Reputation: 200
I am trying to download the data from eurostat using eurostat package with R.
The dataset can be downloaded by specificifying its "code_id", which in this case is: "edat_lfse_33"
However, I got stuck because when I try to run the code below, my computer crashes/returns a Memory allocation Error.
library(eurostat)
library(dplyr)
library(ggplot2)
library(stringr)
data=get_eurostat("edat_lfse_33")
That returns a huge tibble as following:
# A tibble: 2,914,673 x 8
unit sex isced11 duration age geo time values
<fct> <fct> <fct> <fct> <fct> <fct> <dbl> <dbl>
1 PC F ED0-2 TOTAL Y15-34 AT 2018 49.9
2 PC F ED0-2 TOTAL Y15-34 AT1 2018 48.4
(..)
Then once I try to join the previous tibble object using get_eurostat_geospatial, my pc gets crashes.
mapdata <- get_eurostat_geospatial(nuts_level = 2, resolution='60',
year=2016,
output_class = 'df') %>%
right_join(data)%>%
mutate(cat = cut_to_classes(values, n=2, decimals = 1))
Could someone help me out?
Upvotes: 1
Views: 89
Reputation: 19349
You can't join two data table when both of them contain duplicates on the join column.
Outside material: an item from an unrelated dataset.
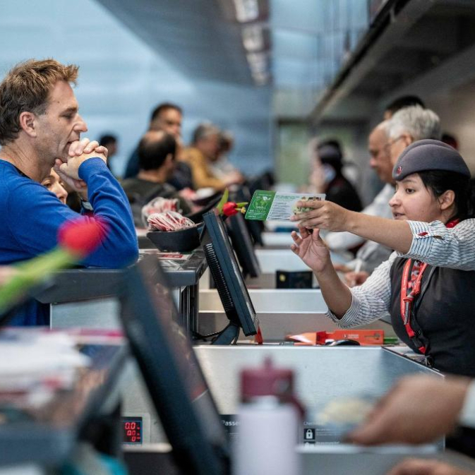 12月20日,旅客在美国旧金山国际机场办理值机手续。新华社发(朱子于摄)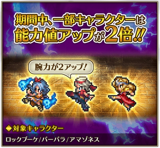 また、対象キャラクターを連れて特定のクエストに出撃することで、バトル後の能力値アップが2倍になるキャンペーンも開催いたします。

The mapdata is OK because it contains the map data in the correct format for ggplot but the data table needs to be summarized before you can be joined.
data2 <- data %>%
group_by(geo) %>%
summarise(Values=mean(values, na.rm=TRUE))
library(ggplot2)
data2 %>% right_join(mapdata, by="geo") %>%
#mutate(cat = cut_to_classes(Values, n=2, decimals = 1)) %>%
ggplot(aes(lat, long, group=group)) +
geom_polygon(aes(fill=Values))
Upvotes: 2